When I speak of conservatives I speak not of reactionary conservatives such as our fractious leader who takes great delight in spreading hatred among his mindless minions. Nor do I speak of the “dollar conservatives” whose only love is of filthy lucre and who think freedom is all about free enterprise. Rather, I speak of those intellectual conservatives such as Nietzsche and Dostoevsky who thought that socialism, for example, would deprive humans of any real freedom in the name of making them feel more safe and secure. Dostoevsky knew whereof he spoke as he had been condemned to a firing squad as a young man for having radical political ideas and then, after a reprieve, was sent to Siberia for five years to live among convicts in clothing that stank and crawled with lice while he picked cockroaches out of his thin soup. He was convinced that in order to be really free humans needed to suffer and he hated the Church because he was convinced that they took upon their own shoulders the burden of human freedom thereby reducing humans to “denizens of an ant heap.” Socialism, in his view, was nothing more than the stepchild of the Church.
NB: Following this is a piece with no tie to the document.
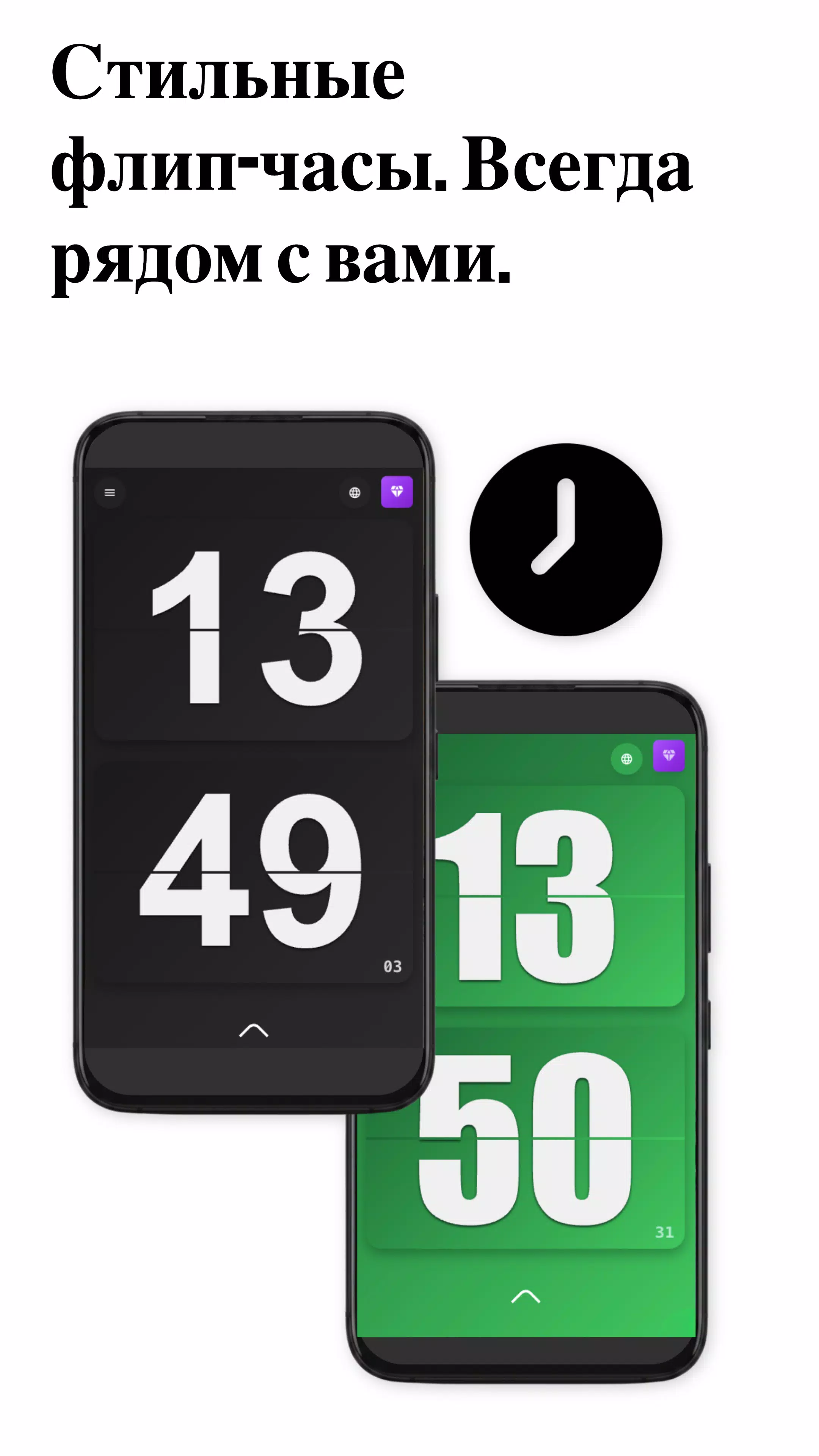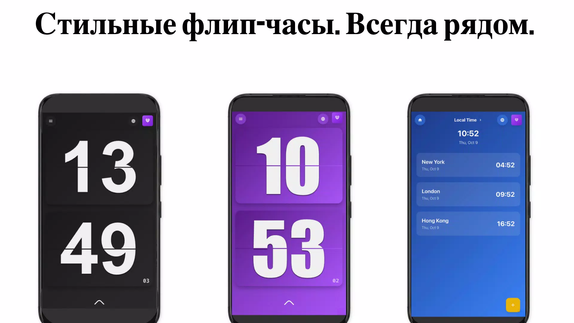 Классический дизайн с анимацией: Наслаждайтесь успокаивающей анимацией перелистывания цифр, переосмысленной для мобильного экрана. Чистый и красивый интерфейс без лишних деталей.

How does one argue against a man who went through what Dostoevsky went through? How does one living in modern day America possibly understand how much we take the easy life for granted when so many in this crowded world struggle to survive? As Dostoevsky would see it, our freedom has been reduced to determining which loaf of bread we will select from the huge variety on the shelves at the grocery store or which car we will lease this year. We fear the risks and responsibilities of true freedom. And Heaven knows we don’t want to suffer in any way. (Where’s the aspirin?) At the same time, however, even in this wealthy country there are those who must scrounge in dumpsters for their meals and live on the streets, it is hard to agree that such people are free in any real sense of the term. There’s the dilemma.
Thus, one turns to politicians such as Bernie Sanders who embraces socialism in the name of human compassion and a genuine concern for others. I take him at his word; I believe he is sincere. He does want to help others. In wishing to do so, however, does he threaten to make us all “denizens of an ant heap”? I would prefer not to give up my freedom in order to dance to the tunes played by the corporations or in order not to have to make moral choices for myself. It is true as Nietzsche and Dostoevsky say that living in a state in which people are taken care of by a powerful political machine does not seem to allow room for any true human freedom.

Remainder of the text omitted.